The SCC I. Senate not only obliged the president to confirm three candidates, but it also ventured far beyond the proper judicial territory. First, it declared that even the candidates who did not dispute their initial rejections at the hands of the president remain legitimate contenders for the SCC judgeships. The Senate thereby ignored a fundamental principle of the court proceedings (the dispositive autonomy of procedural parties). Second, the I. Senate tried, without the authority, to speak for the whole Court. The Senate unduly extended the limited effects of senate decision that according to the Constitution have no precedential value and replaced them with a new category of objective, i.e. generally binding law. Third, it acted on a pretense of exigency to “protect” the Constitution and based on a hypothetical, expected delays of the president and parliament. The Senate, therefore, effectively restricted the discretion of these bodies and replaced it with its own will. Fourth, the Senate implied that if the president would not follow its decision, he would intentionally breach the Constitution (although only the full SCC presiding over the case of an impeachment has that a power).
Such a controversial amalgam of reasons, breaching several fundamental principles of constitutional proceedings, is unlikely to produce further conciliation. The decision did not balance interests of the involved institutions and provided only one-sided lecturing. It extended the list of candidates to all previous nominees and, thus, prevented any other SCC senate from taking the opposing view. In cases of potential disagreement among senates, the final decision must be taken in plenary session by the majority of all SCC justices. The SCC I. Senate also declared that decision-making procedures cannot be seen through a too formalistic lens and thus, allowed itself to ignore statutory and constitutional substantive and procedural provisions. The Senate used the law, however, in a very formalistic manner when such mechanical jurisprudence fitted its purpose, especially in regard to the presidential powers that were interpreted very narrowly (e.g. pp. 43, 44.1, 44.2, 59, 60.1, 67), in a striking contrast to the conjured powers of the SCC.
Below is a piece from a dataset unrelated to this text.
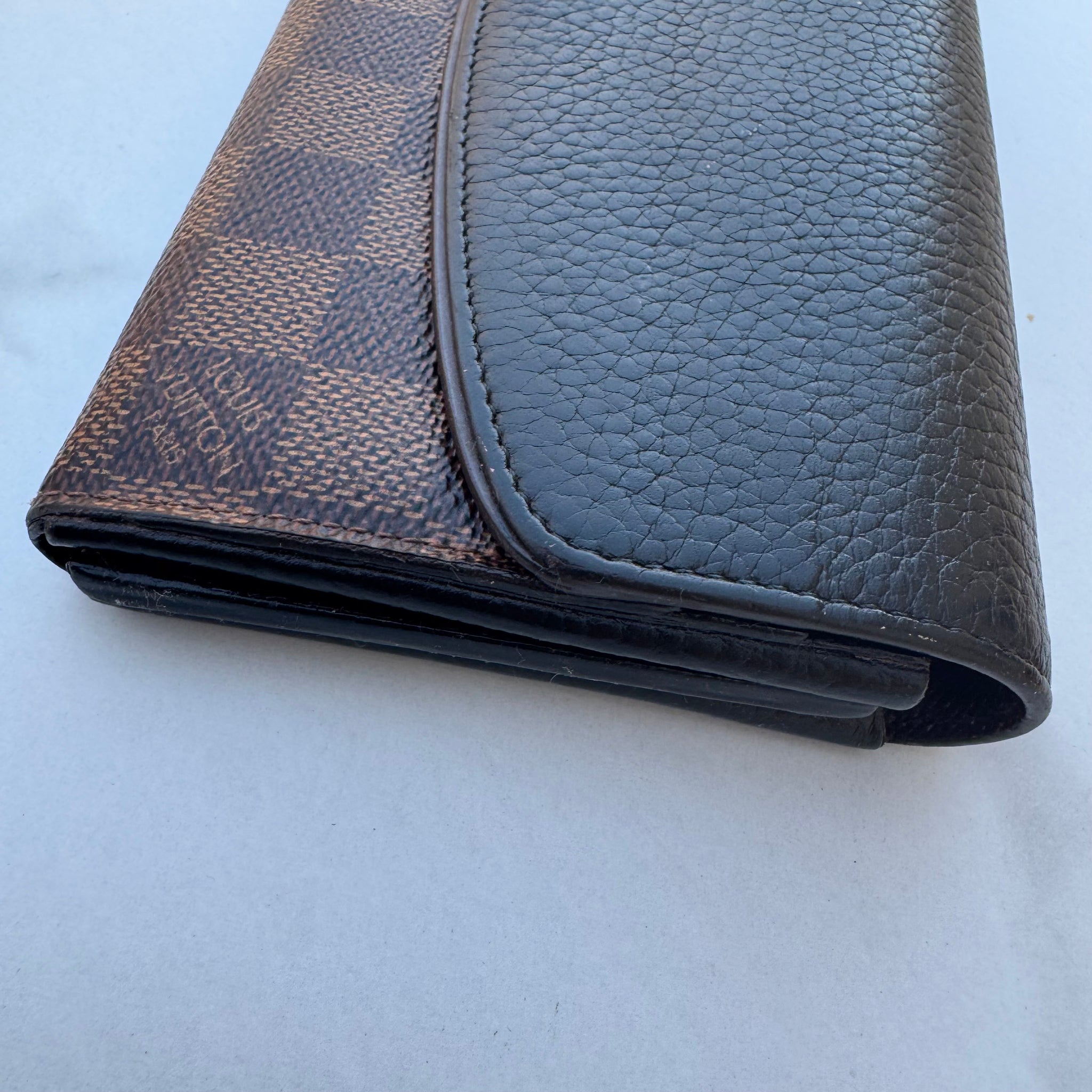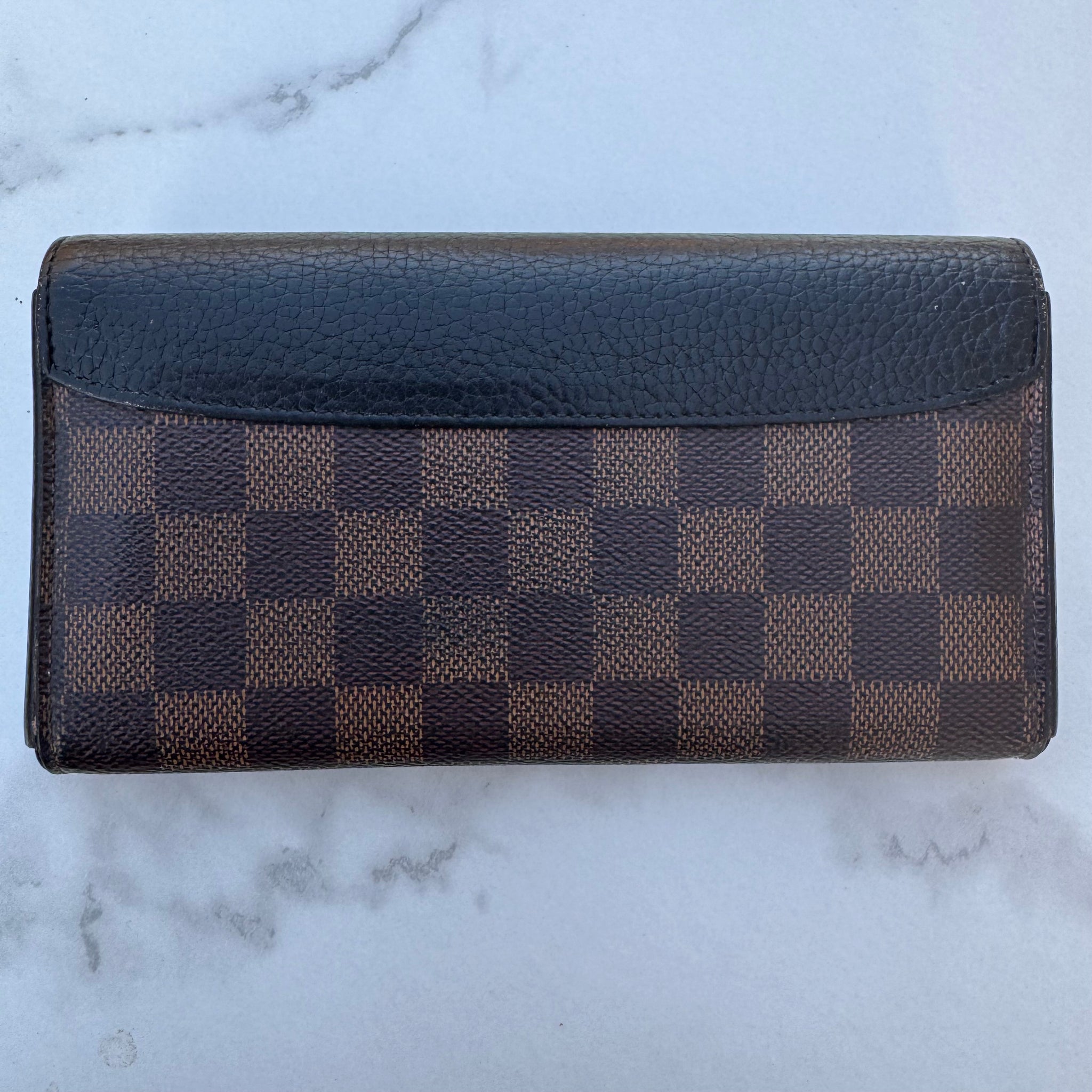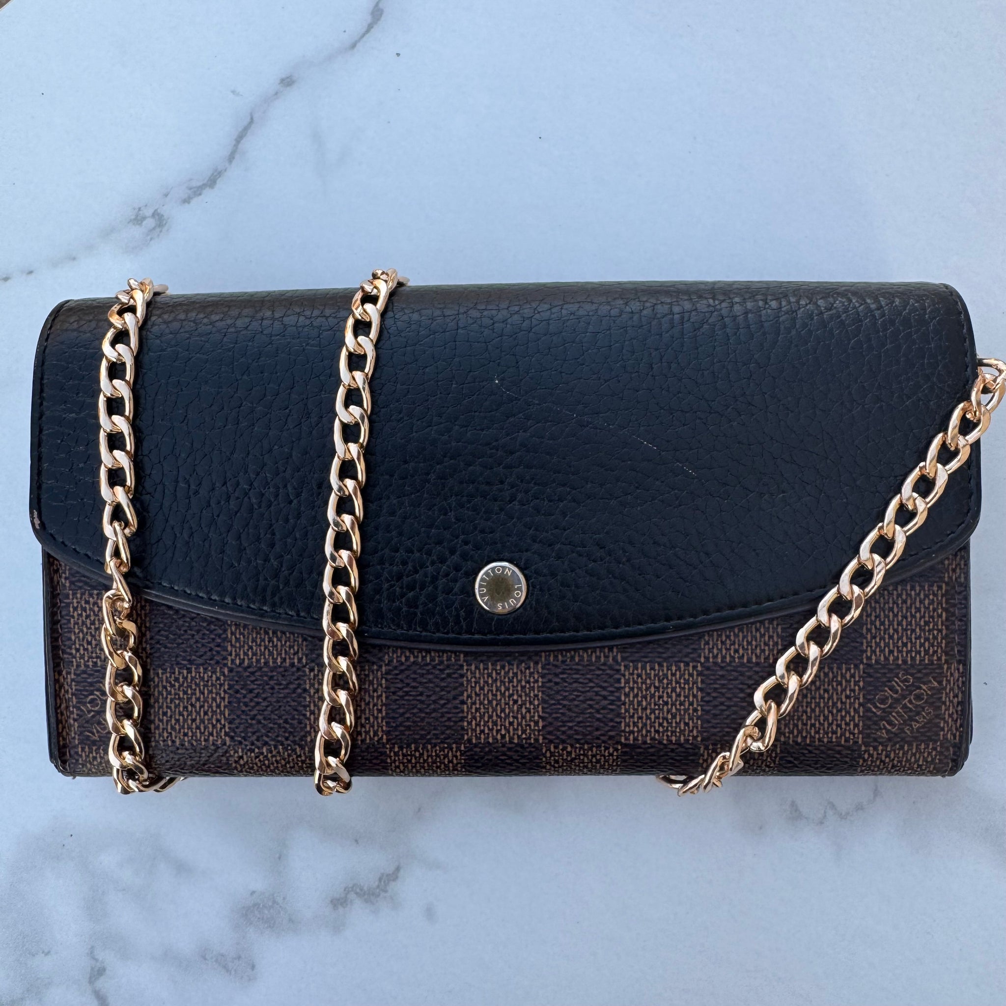 This is an authentic LOUIS VUITTON Damier Ebene Normandy Wallet in Black. This wallet is crafted of traditional Louis Vuitton checkerboard coated toile canvas in brown with a black leather front flap. The flap opens with a brass snap to a brown crossgrain leather interior with card slots, patch pocket, and a zipper compartment. Includes unbranded crossbody chan.

One cannot completely ignore reality. Fairly similar nomination case from recent past (the nomination process of General Prosecutor, PL. ÚS 4/2012), was decided in the light of the ultimate position of the president as a guarantor of constructional order. The SCC cannot abandon this interpretation and pen an entirely contradictory decision without appropriate justification. In the present case, the I. Senate cherry-picked doctrines, case law and scholarly articles that only complimented one side of the argument. Much of the scholarship that the Senate used is highly disputed and there exists at least as many distinguished authors and prominent theories arguing the exact opposite. The SCC Senate, however, did not bother to consider other views and seemed to be completely satisfied with the imposition of its worldview on the entire constitutional system, fellow SCC justices, and the president.
The SCC I. Senate confessed that the most difficult part of the case was to choose the “correct” pool of eligible candidates for the SCC judgeship. It admitted that this issue might be perceived as controversial. However, just several lines below, without any hesitation, the Senate declared its power to ignore the procedural rules for the sake of common good and because of the exigency of the situation. It is striking how confidently the SCC I. Senate deconstructed the long-established logic of the SCC proceedings, even though it could not speak for the whole Court, nor had the authority to bind anyone but the parties to this dispute (inter partes review).
Conclusion
When being interviewed at the Senate Judiciary Committee, then-candidate for the vacated spot at the Supreme Court of the US, judge Gorsuch declared: “…a judge who likes every outcome he reaches is probably a pretty bad judge, stretching for the policy results he prefers rather than those the law compels.”[1] The SCC I. Senate made its own day when it delivered this unwieldy decision based on a host of doubtful arguments. The decision joins a line of past SCC cases that have been visibly politically biased and continue to torment the Slovak constitutional law. Moreover, the settlement may prove to be another SCC’s Pyrrhic victory, making its future decision-making less predictable and vulnerable to charges of illegitimacy from different quarters. The case was a missed opportunity to cement the SCC as a neutral law-abiding institution (the SCC I. Senate implicitly declared itself as politically biased; pp. 64-66) that acts to the benefit of entire society and protects the Constitution regardless of the political issues involved.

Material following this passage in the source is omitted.